Welcome back to Satisfaction for Insatiable Readers.
Today, we're joining a blog tour already in progress from the folks at Random House Children's Books starring a recent Young Adult release that has bite. How so? Well, it's a work of Fiction and yet it's so vivid, so there in your face about issues that many work so hard to keep hidden under the rug, you can't help but wish the characters WERE real in order to interact with them, call them friend, and let them know it will be okay. If I've caught your attention, good...I've done my "job" and now I'll be ushering you into my experience between the pages as we review today's book of choice...
About the book...
Seventeen-year-old Catherine Pulaski knows Zero is coming for her. Zero, the devastating depression born of Catherine’s bipolar disorder, almost triumphed once; that was her first suicide attempt.
Being bipolar is forever. It never goes away. The med du jour might work right now, but Zero will be back for her. It’s only a matter of time.
And so, in an old ballet-shoe box, Catherine stockpiles medications, preparing to take her own life before Zero can inflict its living death on her again. Before she goes, though, she starts a short bucket list.
The bucket list, the support of her family, new friends, and a new course of treatment all begin to lessen Catherine’s sense of isolation. The problem is, her plan is already in place, and has been for so long that she might not be able to see a future beyond it.
This is a story of loss and grief and hope, and how some of the many shapes of love—maternal, romantic, and platonic—affect a young woman’s struggle with mental illness and the stigma of treatment.
It's a story about the stigma of mental disorders and just how caustic that can be to those that suffer from them...and yet, at the same time, not. Yes, it's about several disorders, our leading lady's specifically being the bipolar variety, and the various treatments used to help those afflicted manage the symptoms of them on a day to day basis. We get to see the cocktails of meds they are put on, the journals they are told to keep, the quick dial numbers to save in case of a downshift in their day, and even the more "out there" treatments that scare the heebee geebees out of your average Tom, Dick, or Harry, removed from the situation, let alone the one that would experience it. The real scope of the story though isn't about the potentially off workings of the mind, but about those souls baring these crosses and the lives they lead.
It's a story about regular teens like you or I (use to be) that are going through growing pains, friendship changes, talent discoveries, weakness revelations, popularity contests, and oh yeah, a nice dose of mental instability on the side. Sounds like a good time, right? Yeah, not so much...but it's important to know that while it plays a big part in their lives, it's not WHO THEY ARE. It doesn't completely define them, something the group therapy is amazeballs at pointing out. Everyone has something they are dealing with, and as small as it might seem to you or I, it's monumental to the person going through it. These kids just have the "luxury" of putting a label on it. It's our job to not make that label amount to more than a mole hill. We need to see it, remember it, and then put it to the back of our minds because once again, it's not the person...it's the ailment. It's something that with the right structure or game plan can be managed, so much so that it becomes a habit rather than a hindrance, and allows us to form all those amazing bonds, and create those far out stories that we'll share in our old age.

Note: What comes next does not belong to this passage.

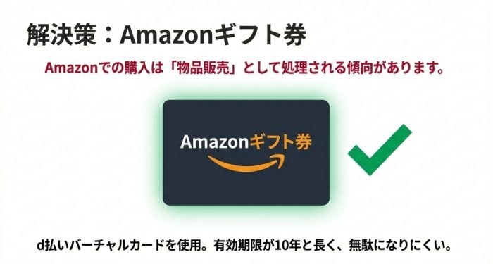 現在、多くのポイ活ユーザーが注目している唯一の希望とも言えるのが、Amazonギフト券の購入です。d払いバーチャルカードをAmazonの支払い方法に登録し、チャージタイプのギフト券を購入する方法ですね。なぜこれがJAL Payチャージと違うのかというと、Amazonでの購入は、システム上「通常の物販(お買い物)」として処理されるケースが非常に多いためです。
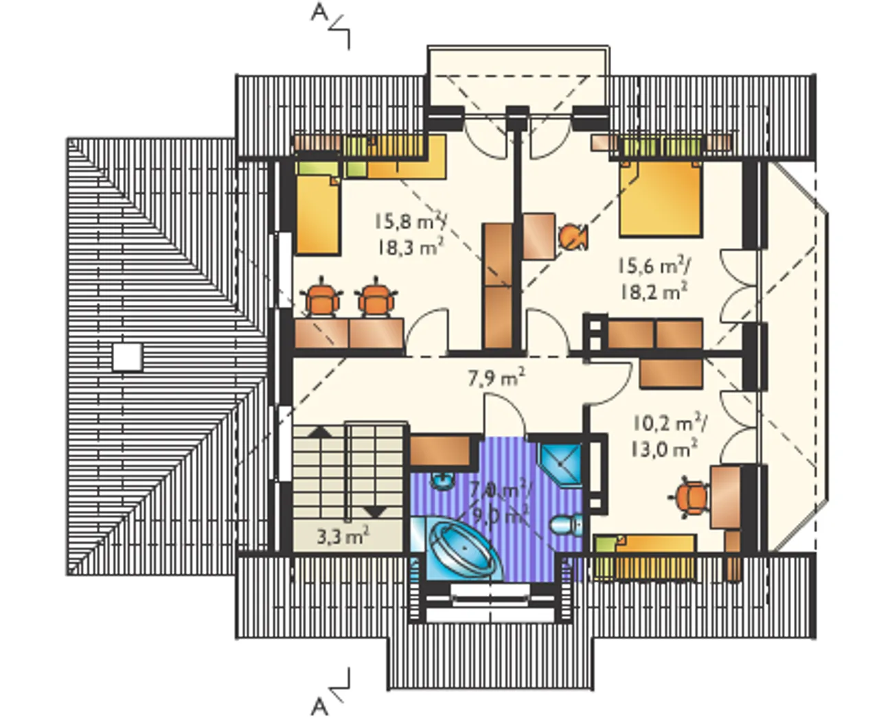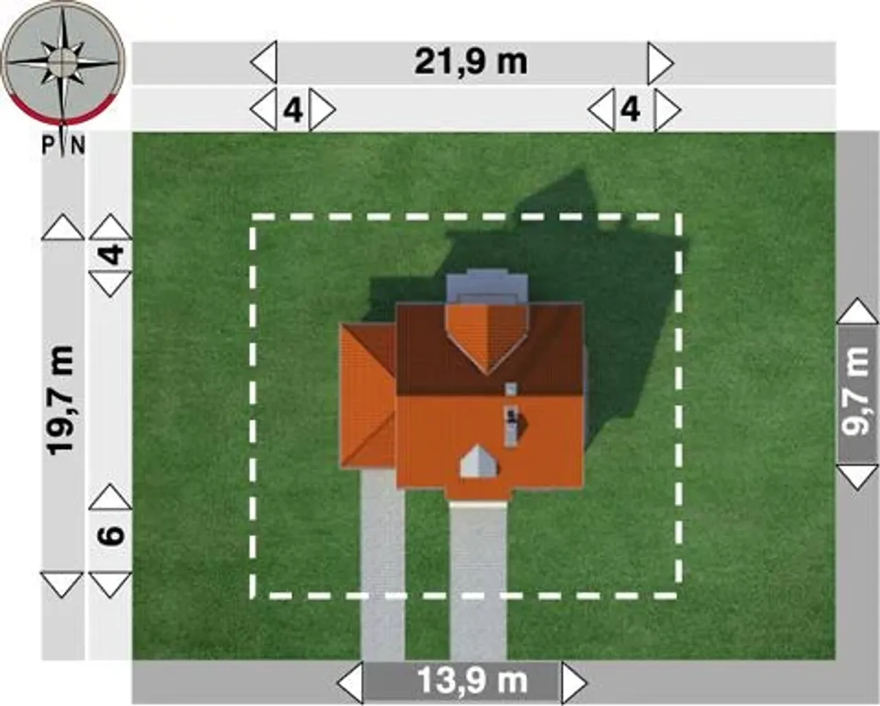 - rzut dachu - ukazuje jego kształt, wymiary, kąt nachylenia połaci, rozmieszczenie okien połaciowych, lukarn, świetlików i rur spustowych, pokazuje rozmieszczenie kominów i informuje o sposobie odwodnienia: rozmieszczeniu i rozmiarach rynien

It's a story about one young lady who sees her life through a focused lens due to circumstances beyond her control, but who also needs to be opened to the world around her to see that pain does end, grieving is good for the soul, and there are those that care even when all seems lost. Reaching out can be hard and reading Catherine's story, fictitious or not, was just as, but it also shines a light on the fact that these are real issues. People deal with this every day of their lives, young and old. Does that mean they should be shunned or cast aside, unable to enjoy the simple pleasures in life of love, friendship, and acceptance? That's a big fat NO. It means that we should take time everyday to be certain our own heads aren't too full of ourselves and that we extend a kind word/hand to others. You never know what your next interaction will trigger, or how you may touch someone's heart just when they need it.
Recommended read for teens and beyond. Little warning...there is some language, and frank conversations about what this fab group of teens is going through, so younger readers of the genre may want to be cautioned.
About the author...
Karen Fortunati is a former attorney who attends graduate school at Trinity College in Hartford, Connecticut, and works part-time as a museum educator. She lives in Connecticut with her family and rescue dogs.
Special thanks to Allison at Random House Children's Books for the ARC for review and the chance to bring this tour to you. (THANKS!) For more information on this title, the author, or the publisher, feel free to click through the links provided above. This title hit bookstore and virtual shelves just last month, via Delacorte Press, so be on the lookout for it at your favorite retailers.
Until next time, remember...if it looks good, READ IT!
I'm always intrigued by books featuring characters with various illnesses. Get them right and I think they make for great reading but get them wrong and I become really frustrated and annoyed to the point where I have actually fond myself shouting at the book. Still, sounds like this one is a winner, thank you for featuring it.
Is it sad that I avoid "issue" books? It's not that I don't believe in and support people who struggle, but I don't want to read about them. There's enough of that in life as is. Regardless, I wish Karen epic success with her book!